RECORDS SHOWN:
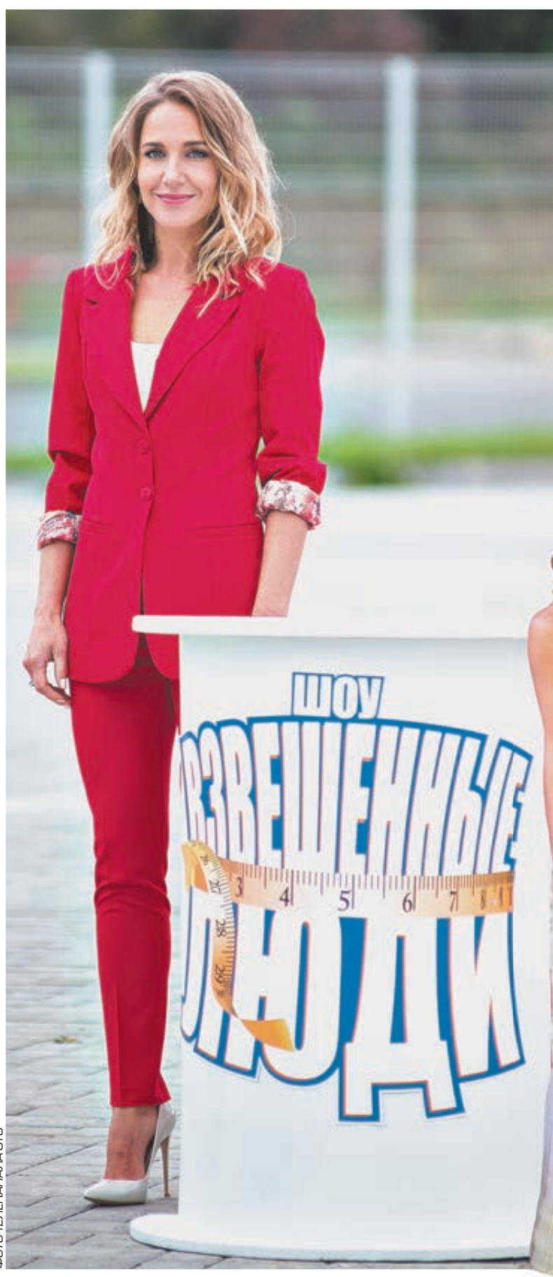
ФОТО ЛЕВНАЧАЛА СТС

— Полная женщина всегда чувствует себя неуютно рядом со стройной. Вы не ловили на себе косые, завистливые взгляды участниц?
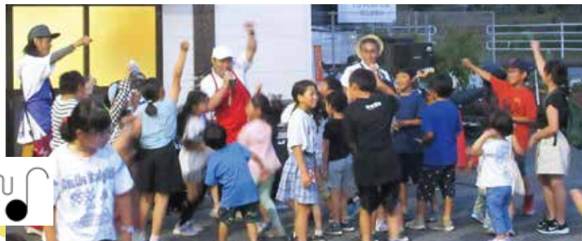
子どもたちが集まって大盛り上がり!!
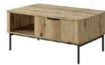
K stolik kawowy 2s 96,9 / 42,4 / 60,2 cm → ↑ ↘
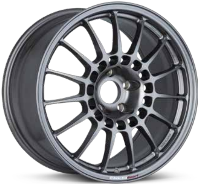
Dark Silver (DS)
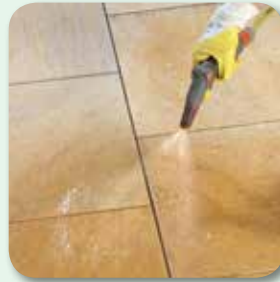
Fläche satt vornässen
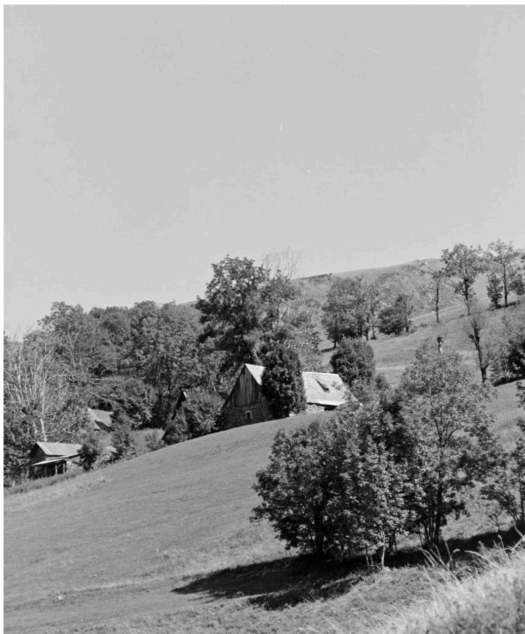
Paysage avec granges foraines à Bédérès.
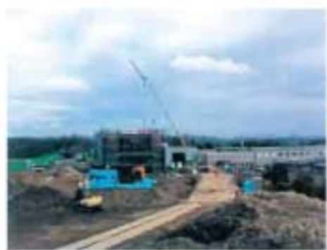
▲建設中のホワイトハウス
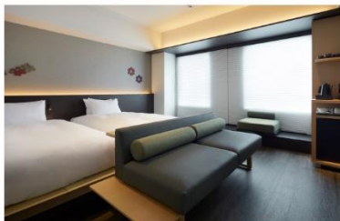
アゴーラ 京都四条
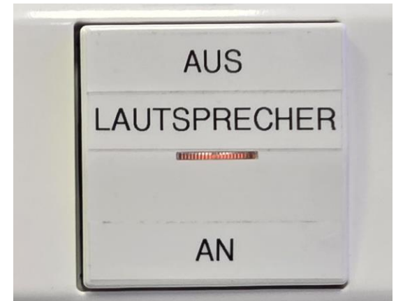
Schalter für Lautsprecher
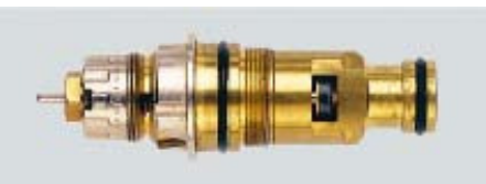
013 G 0270 / 1991 – 1997

Rote Voreinstellkrone, Montage mit 21mm Ringschlüssel Einschraubgewinde M22*1,0 Abstand der O-Ringe 43 mm
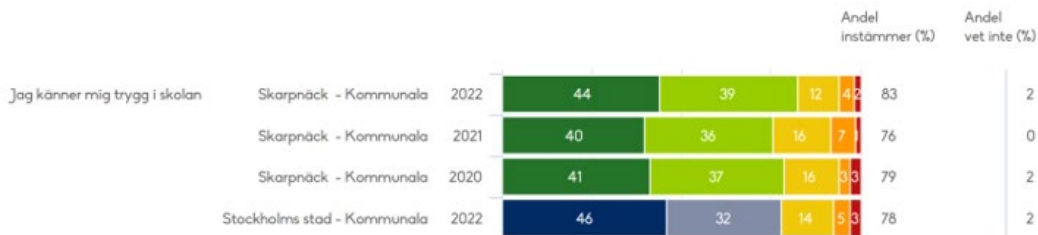
Bild 2. Upplevd trygghet i årskurs 2, 3 och 8 i de kommunala skolorna i Skarpnäck.
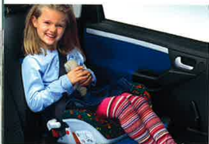
Sitzschale für Kinder von 22 bis 36 kg, für Rücksitz. Erhöht die Sitzposition Ihres Kindes so weit, dass der Sicherheitsgurt seine optimale Schutzwirkung entfalten kann.
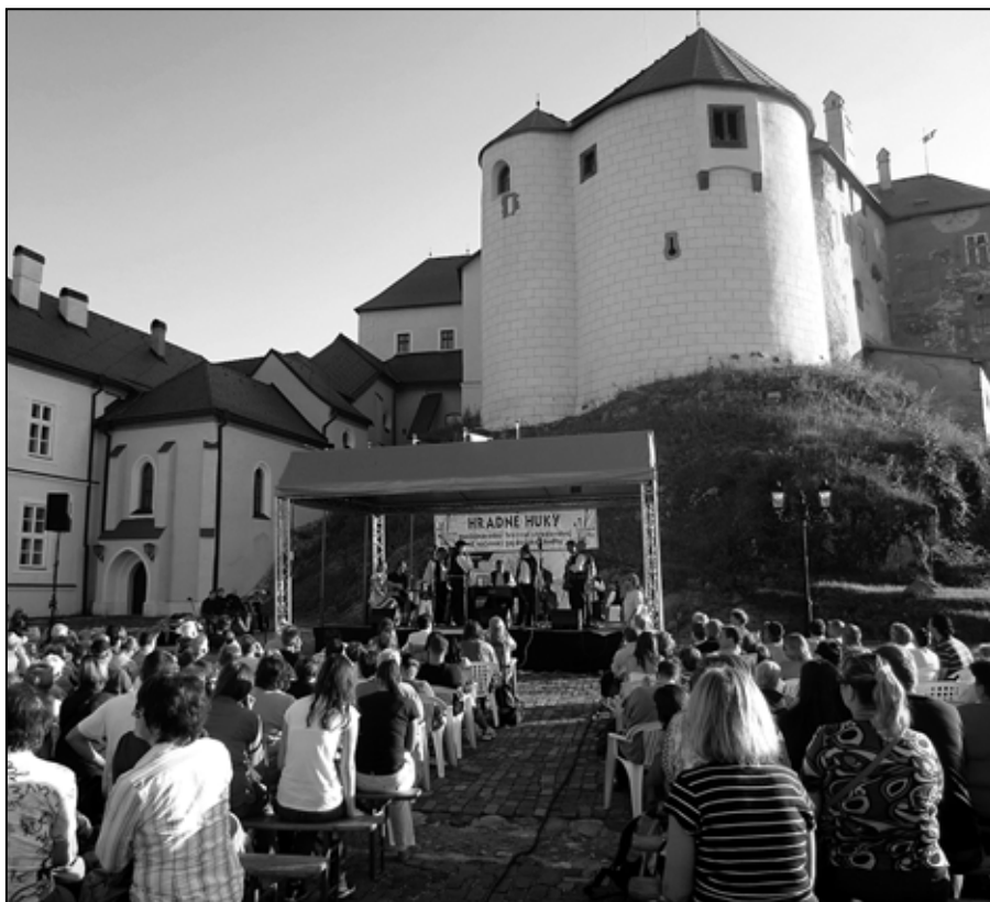
Na Hrade Ľupča zazneli uplynulý víkend opäť zvuky gájd. Čítajte na 7. strane.
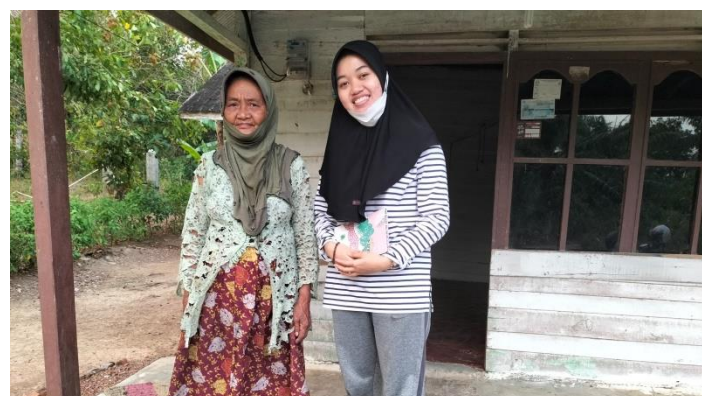
Wawancara dengan Masyarakat Desa
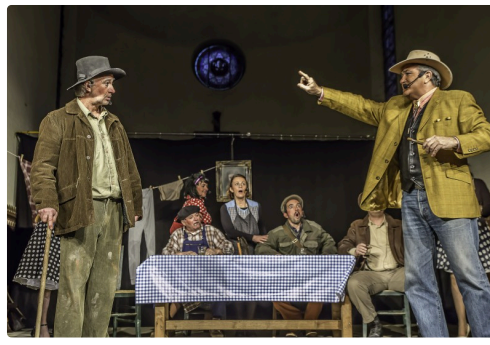
Poursuite de l'explication
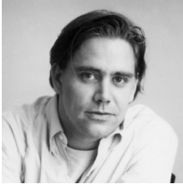
Stephen Chbosky Estados Unidos, 1970

En 1992 se matriculó en el programa de escritura de guiones de la Universidad del Sur de California. Tres años más tarde escribió, dirigió y actuó en la película independiente Las cuatro esquinas de ninguna parte . Escribió la novela epistolar Las ventajas de ser un marginado , que llevó al cine en 2012. Wonder es su tercer largometraje como realizador. Ha ejercido como guionista en títulos como La bella y la bestia , versión en imagen real del clásico de Walt Disney.
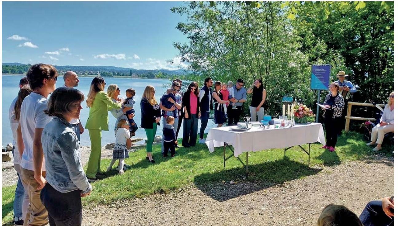
Tauffeier am Greifensee
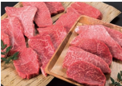
7月 希少部位のミニステーキセット 2kg (ミスジ、ランプ、イチボなど)
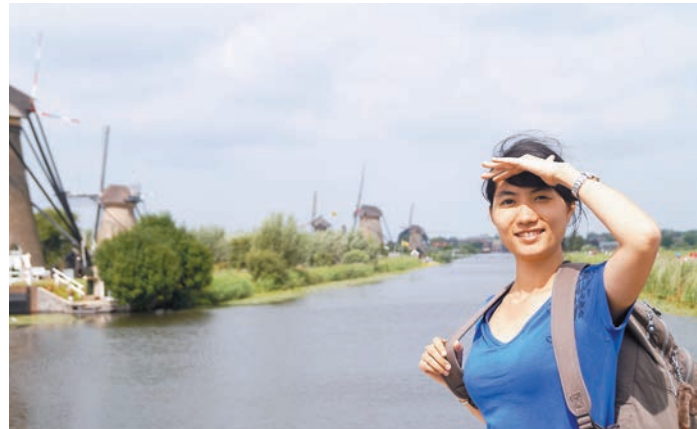
筆者去年暑假於荷蘭及德國交流，體會當地明媚風光。筆者供圖
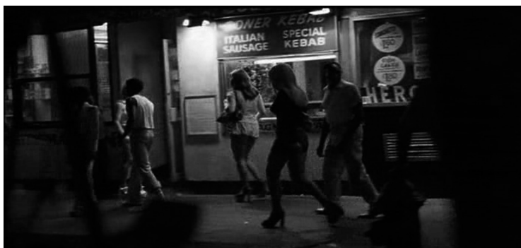
Figura 5. “Por la noche salen bichos de todas clases...”

Schrader sigue la técnica de comunicar al personaje desde dentro hacia afuera, tal como prescribiría Stanislavski (1975), tanto con su flujo de pensamiento como con su percepción.
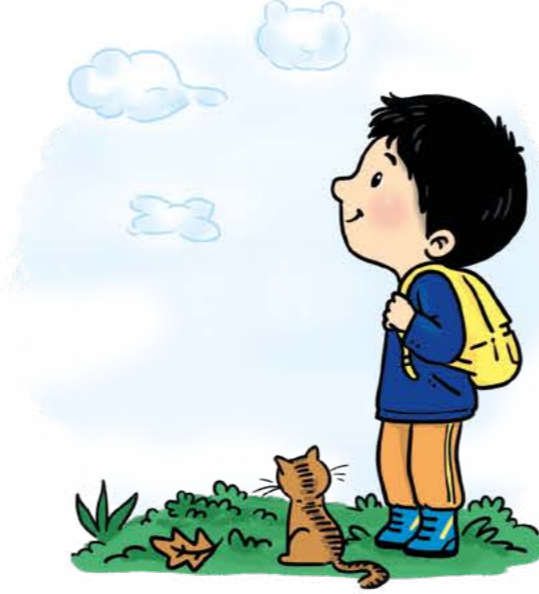
Bulutların oluşturduğu şekilleri gözlemler.
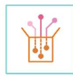
Data og datadeling
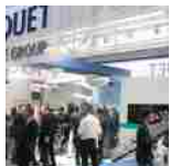
Exposanita 2016 tutte le
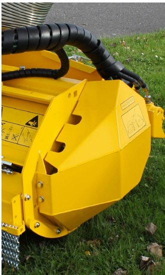
Optionele motorbescherming en optionele hydraulisch opklapbarevoorzijde voor betere invoer van hoog gewas.
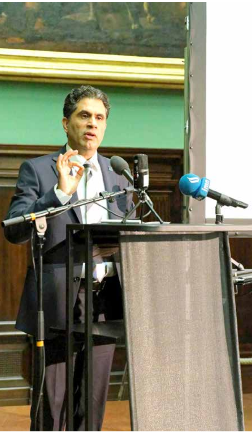
الاكاديمي سعد سلوم

يشار الى ان سلوم هو أول مثقف عراقي يحصل على جائزة ابن رشد للفكر الحر والتي انطلقت عام 1999 في العاصمة الألمانية برلين، بمناسبة مرور ثمانية قرون على وفاة الفيلسوف ابن رشد. وسبق أن فاز بها أبرز المفكرين العرب مثل محمد عبد الجابري وسمير أمين ونصر حامد أبو زيد ومحمد أركون. وهي الجائزة الرابعة التي يحصل عليها الاكاديمي والمثقف العراقي بعد نياله جائزة تحالف ستيفانوس الدولية في أوسلو عام 2018 وجائزة البرطيركية الكلدانية وجائزة كامل شياح لثقافة التنوير.
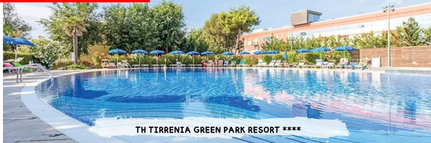
TH TIRRENIA GREEN PARK RESORT ****

PRENOTA PRIMA GARANTITO FINO AL 15 MARZO
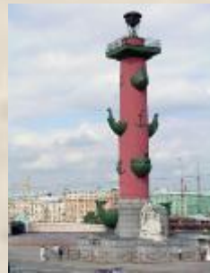
Скульптуры Ростральных колонн
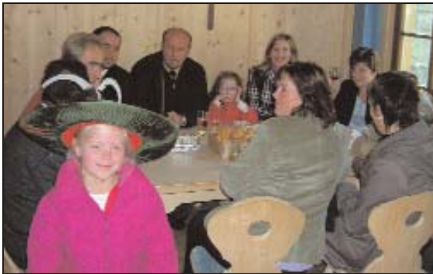
Bei der Bergwacht Villgraten in der Alten Schule

Anlass dafür war der neu gestaltete Jugendraum in der Alten Schule, den sich die Frauenrunde und die Bäuerinnenorganisation nun auch mit den Jugend-

TASK: Set down all of the entries precisely and keep the pictures out of the copy.

SOLUTION:
ФОТО ЛЕВНАЧАЛА СТС

— Полная женщина всегда чувствует себя неуютно рядом со стройной. Вы не ловили на себе косые, завистливые взгляды участниц?
子どもたちが集まって大盛り上がり!!
K stolik kawowy 2s 96,9 / 42,4 / 60,2 cm → ↑ ↘
Dark Silver (DS)
Fläche satt vornässen
Paysage avec granges foraines à Bédérès.
▲建設中のホワイトハウス
アゴーラ 京都四条
Schalter für Lautsprecher
013 G 0270 / 1991 – 1997

Rote Voreinstellkrone, Montage mit 21mm Ringschlüssel Einschraubgewinde M22*1,0 Abstand der O-Ringe 43 mm
Bild 2. Upplevd trygghet i årskurs 2, 3 och 8 i de kommunala skolorna i Skarpnäck.
Sitzschale für Kinder von 22 bis 36 kg, für Rücksitz. Erhöht die Sitzposition Ihres Kindes so weit, dass der Sicherheitsgurt seine optimale Schutzwirkung entfalten kann.
Na Hrade Ľupča zazneli uplynulý víkend opäť zvuky gájd. Čítajte na 7. strane.
Wawancara dengan Masyarakat Desa
Poursuite de l'explication
Stephen Chbosky Estados Unidos, 1970

En 1992 se matriculó en el programa de escritura de guiones de la Universidad del Sur de California. Tres años más tarde escribió, dirigió y actuó en la película independiente Las cuatro esquinas de ninguna parte . Escribió la novela epistolar Las ventajas de ser un marginado , que llevó al cine en 2012. Wonder es su tercer largometraje como realizador. Ha ejercido como guionista en títulos como La bella y la bestia , versión en imagen real del clásico de Walt Disney.
Tauffeier am Greifensee
7月 希少部位のミニステーキセット 2kg (ミスジ、ランプ、イチボなど)
筆者去年暑假於荷蘭及德國交流，體會當地明媚風光。筆者供圖
Figura 5. “Por la noche salen bichos de todas clases...”

Schrader sigue la técnica de comunicar al personaje desde dentro hacia afuera, tal como prescribiría Stanislavski (1975), tanto con su flujo de pensamiento como con su percepción.
Bulutların oluşturduğu şekilleri gözlemler.
Data og datadeling
Exposanita 2016 tutte le
Optionele motorbescherming en optionele hydraulisch opklapbarevoorzijde voor betere invoer van hoog gewas.
الاكاديمي سعد سلوم

يشار الى ان سلوم هو أول مثقف عراقي يحصل على جائزة ابن رشد للفكر الحر والتي انطلقت عام 1999 في العاصمة الألمانية برلين، بمناسبة مرور ثمانية قرون على وفاة الفيلسوف ابن رشد. وسبق أن فاز بها أبرز المفكرين العرب مثل محمد عبد الجابري وسمير أمين ونصر حامد أبو زيد ومحمد أركون. وهي الجائزة الرابعة التي يحصل عليها الاكاديمي والمثقف العراقي بعد نياله جائزة تحالف ستيفانوس الدولية في أوسلو عام 2018 وجائزة البرطيركية الكلدانية وجائزة كامل شياح لثقافة التنوير.
TH TIRRENIA GREEN PARK RESORT ****

PRENOTA PRIMA GARANTITO FINO AL 15 MARZO
Скульптуры Ростральных колонн
Bei der Bergwacht Villgraten in der Alten Schule

Anlass dafür war der neu gestaltete Jugendraum in der Alten Schule, den sich die Frauenrunde und die Bäuerinnenorganisation nun auch mit den Jugend-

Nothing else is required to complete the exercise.